From: Tetsuo Handa <penguin-kernel@I-love.SAKURA.ne.jp>
To: mhocko@kernel.org, rientjes@google.com
Cc: akpm@linux-foundation.org, linux-mm@kvack.org,
linux-kernel@vger.kernel.org
Subject: Re: [patch] mm, oom: prevent additional oom kills before memory is freed
Date: Fri, 16 Jun 2017 21:22:20 +0900 [thread overview]
Message-ID: <201706162122.ACE95321.tOFLOOVFFHMSJQ@I-love.SAKURA.ne.jp> (raw)
In-Reply-To: <20170615214133.GB20321@dhcp22.suse.cz>
Michal Hocko wrote:
> OK, could you play with the patch/idea suggested in
> http://lkml.kernel.org/r/20170615122031.GL1486@dhcp22.suse.cz?
I think we don't need to worry about mmap_sem dependency inside __mmput().
Since the OOM killer checks for !MMF_OOM_SKIP mm rather than TIF_MEMDIE thread,
we can keep the OOM killer disabled until we set MMF_OOM_SKIP to the victim's mm.
That is, elevating mm_users throughout the reaping procedure does not cause
premature victim selection, even after TIF_MEMDIE is cleared from the victim's
thread. Then, we don't need to use down_write()/up_write() for non OOM victim's mm
(nearly 100% of exit_mmap() calls), and can force partial reaping of OOM victim's mm
(nearly 0% of exit_mmap() calls) before __mmput() starts doing exit_aio() etc.
Patch is shown below. Only compile tested.

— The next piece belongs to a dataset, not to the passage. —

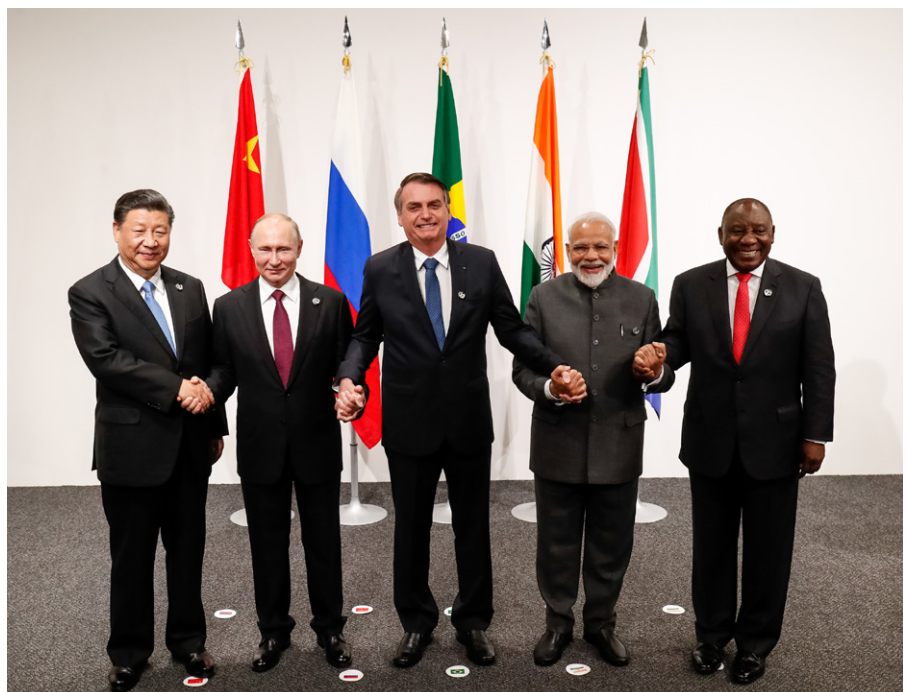
Die Landeschefs der BRICS-Staaten (v.l.n.r): Xi Jinping (China), Wladimir Putin (Russland), Jair Bolsonaro (Brasilien, bis Oktober 2022), Narendra Modi (Indien) und Cyril Ramaphosa (Südafrika)

Trotz großer Herausforderungen – von Null-Covid über verschiedene Sanktionen

include/linux/sched/coredump.h | 1 +
mm/oom_kill.c | 80 ++++++++++++++++++++----------------------
2 files changed, 40 insertions(+), 41 deletions(-)
diff --git a/include/linux/sched/coredump.h b/include/linux/sched/coredump.h
index 98ae0d0..6b6237b 100644
--- a/include/linux/sched/coredump.h
+++ b/include/linux/sched/coredump.h
@@ -62,6 +62,7 @@ static inline int get_dumpable(struct mm_struct *mm)
* on NFS restore
*/
//#define MMF_EXE_FILE_CHANGED 18 /* see prctl_set_mm_exe_file() */
+#define MMF_OOM_REAPING 18 /* mm is supposed to be reaped */
#define MMF_HAS_UPROBES 19 /* has uprobes */
#define MMF_RECALC_UPROBES 20 /* MMF_HAS_UPROBES can be wrong */
diff --git a/mm/oom_kill.c b/mm/oom_kill.c
index 0e2c925..bdcf658 100644
--- a/mm/oom_kill.c
+++ b/mm/oom_kill.c
@@ -470,38 +470,9 @@ static bool __oom_reap_task_mm(struct task_struct *tsk, struct mm_struct *mm)
{
struct mmu_gather tlb;
struct vm_area_struct *vma;
- bool ret = true;
-
- /*
- * We have to make sure to not race with the victim exit path
- * and cause premature new oom victim selection:
- * __oom_reap_task_mm exit_mm
- * mmget_not_zero
- * mmput
- * atomic_dec_and_test
- * exit_oom_victim
- * [...]
- * out_of_memory
- * select_bad_process
- * # no TIF_MEMDIE task selects new victim
- * unmap_page_range # frees some memory
- */
- mutex_lock(&oom_lock);
- if (!down_read_trylock(&mm->mmap_sem)) {
- ret = false;
- goto unlock_oom;
- }
-
- /*
- * increase mm_users only after we know we will reap something so
- * that the mmput_async is called only when we have reaped something
- * and delayed __mmput doesn't matter that much
- */
- if (!mmget_not_zero(mm)) {
- up_read(&mm->mmap_sem);
- goto unlock_oom;
- }
+ if (!down_read_trylock(&mm->mmap_sem))
+ return false;
/*
* Tell all users of get_user/copy_from_user etc... that the content
@@ -537,16 +508,7 @@ static bool __oom_reap_task_mm(struct task_struct *tsk, struct mm_struct *mm)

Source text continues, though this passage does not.